I was diagnosed with PTSD several years ago. While, PTSD has been the plight of many returned servicemen for generations, it has also been an affliction of those individuals who have survived physical and psychological traumas and abuses. I am fully aware of that. Though not a clinician, I work with them, and, I deal with civilian PTSD cases, routinely.
PTSD's classification, was the result of the efforts of an organized group of Vietnam War veterans. These war vets had not only experienced physically threatening and traumatic circumstances, they were also subjected to the additional psychological trauma of the politico-social conflicts of the era - they were the scapegoats...they were not lauded as heros. The societies they returned to, at least initially, did not allow them to forget. I am fully aware of that.
IMO, the diagnosis of PTSD has only served to identify the impotent status of victimhood - the need to have an individual's, or group's, suffering recognised by the government and, by default the society, which entertained the circumstances of the trauma. There are many ersatz, freelance PTSD students who agree with you. This does not lead to liberation, if it becomes the tool to justify one's right to become part of any state-funded benefit system. The legitimate system callls such individuals, 'malingerers'. It becomes the condonable behaviour attributed to on-going regret and grief. This is called 'malingering' - the Bureau of Vets Affairs deals with them routinely.
While there are varying degrees of stress in all traumatic circumstances, the consequences of the experience are defined by the psychological strength, mental acuity and emotional intellect of the individual. Very well.

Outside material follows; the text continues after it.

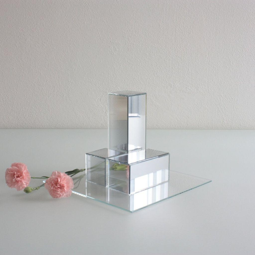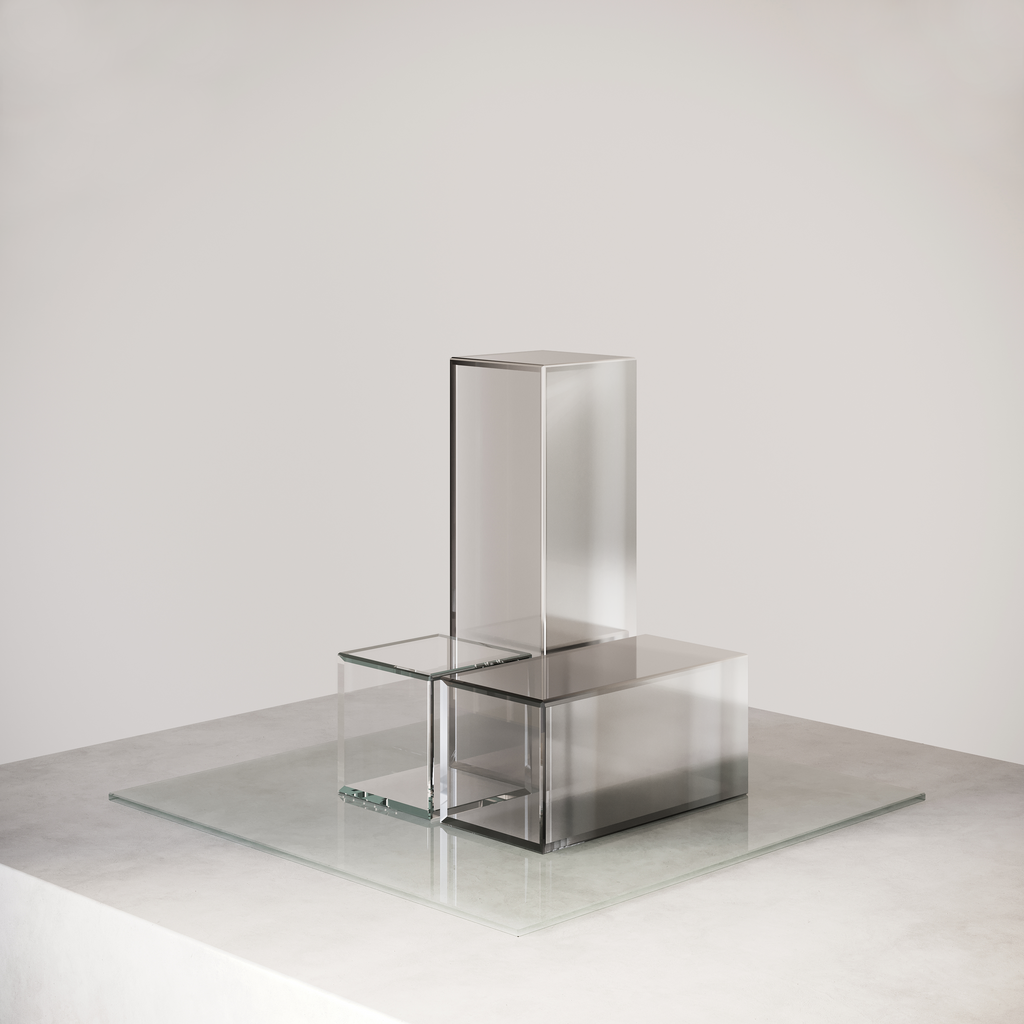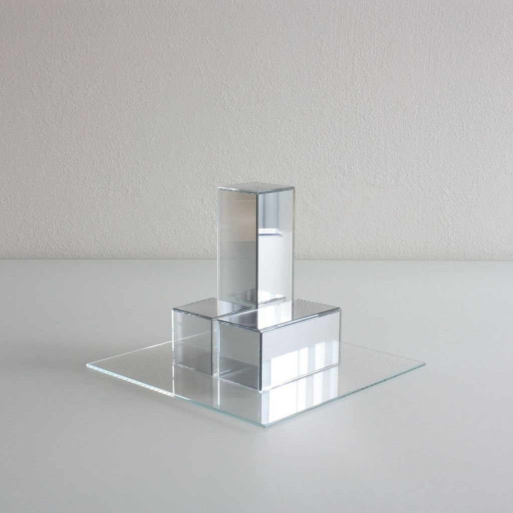 The Curiosité Collection is inspired by imaginary scenarios, playing with the several reflections of crystal glass surfaces, masterly handcrafted and enriched by sought-after mirror shade finish. These minimalist and plain volumes invite the observer to pursue more than one preferred point of view, on the hunt for that perfect intersection where shapes, translucent surfaces and mirror finishes provide an unexpected Trompe-l’oeil effect; creating a visual continuity where the objects of this composition blend flawlessly and disruptively.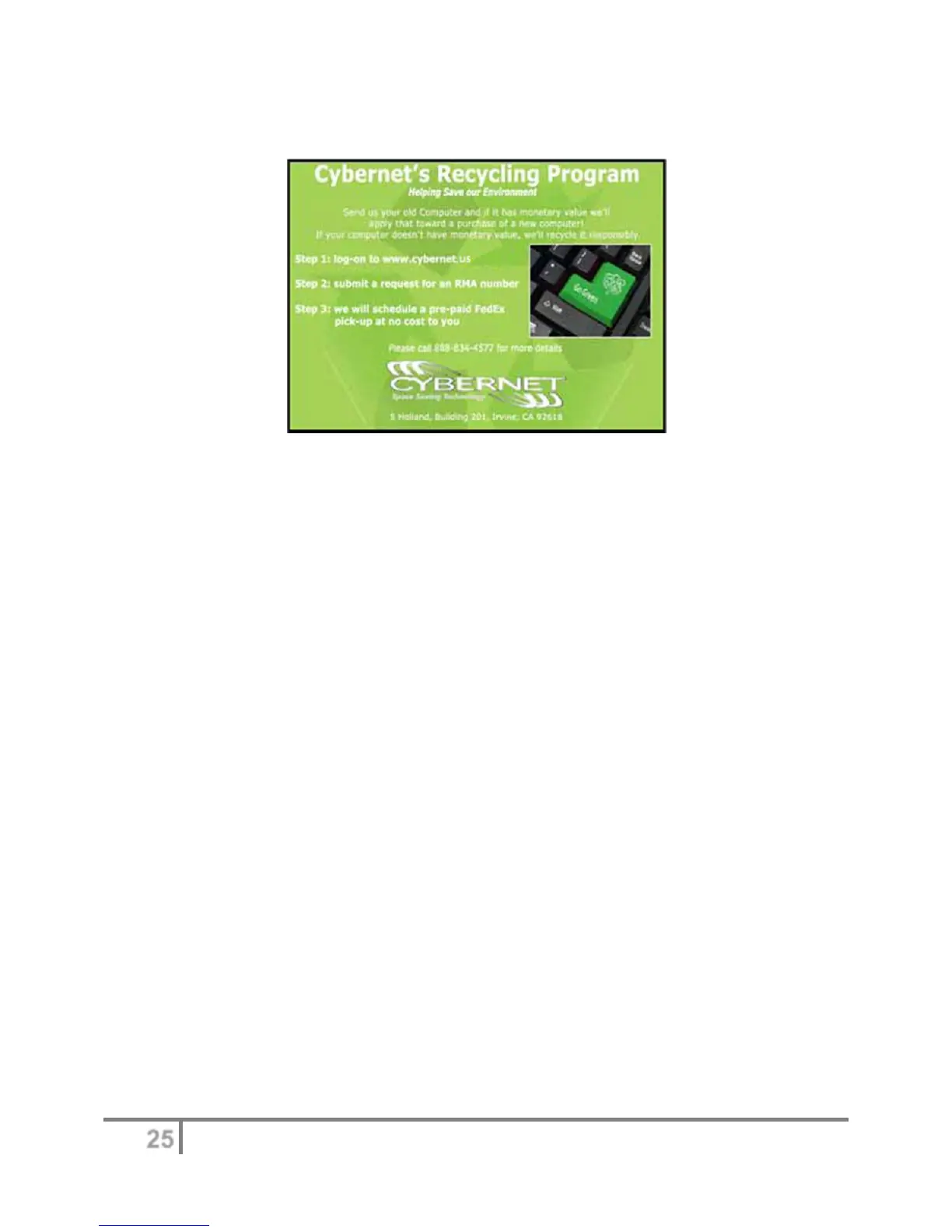 Cybernet has an e-recycling program that is very easy to use. Just follow the steps

I disagree that this state of being cannot be overcome...that's not to say it can ever be totally forgotten and that it may not have significant on-going consequences in an individual's life, especially if they're forced to live with debitilitating physical consequences. However, despite the consequences, the circumstances were due to the alignment of certain effects in a relatively short window of time. It is not a disorder, unless it is allowed to expand beyond it's original context. When the stressors are keenly consequential, the world is abundant with 'triggers' - and the afflicted are 'forced to live with it'. Some of them are endemic, whereas part of the severe PTSD experience is the continuous discovery of synapsis stimulants and ganglionic avenues you had previously blocked out. A pleasant or every day experience can be a 'trigger', because it is memorably stored alongside a contrasting catastrophic experience that abruptly intruded upon it. For some, 'normality' is a mine field of triggers, that are unexpectedly encountered in the most mundane circumstances and settings. Agorophobia and bi polar symptoms emerge here - also in other segments of Disorder Symptoms Manuals.
Rather than a life of denial, it's constructive for the individual to personally acknowledge and accept the veracity of events and their consequences, in order that the effects can, rather, become a catalyst for postiive change. Like alcoholism, stress can become a drug...a way of life...it can only be kicked if and when the addict decides it's time. In cases of anxiety and panic attack, the endocrinal pot boils over with the ingredients associated with the original stressor. So, you have determined that the programmed individual can reprogram himself - one of the approaches to alleviating PTSD is to attempt a reversal of perspectives, such as, 'You should feel liberated from guilt, because you were attempting to liberate the people of South Vietnam'. Meanwhile, one of the things the exemplary Vietnam vet learns is that he/she not only was not welcome when he/she returned home, they weren't welcome in Vietnam, either - the '68 Tet Offensive was a brutal classroom in that very study. The 'therapeutic' method is often called 'crazymaking' by many vets. It has many other more professionally impressive names - psychomolecular restructuring, neurolinguistic programming, behavior modification, operant conditioning...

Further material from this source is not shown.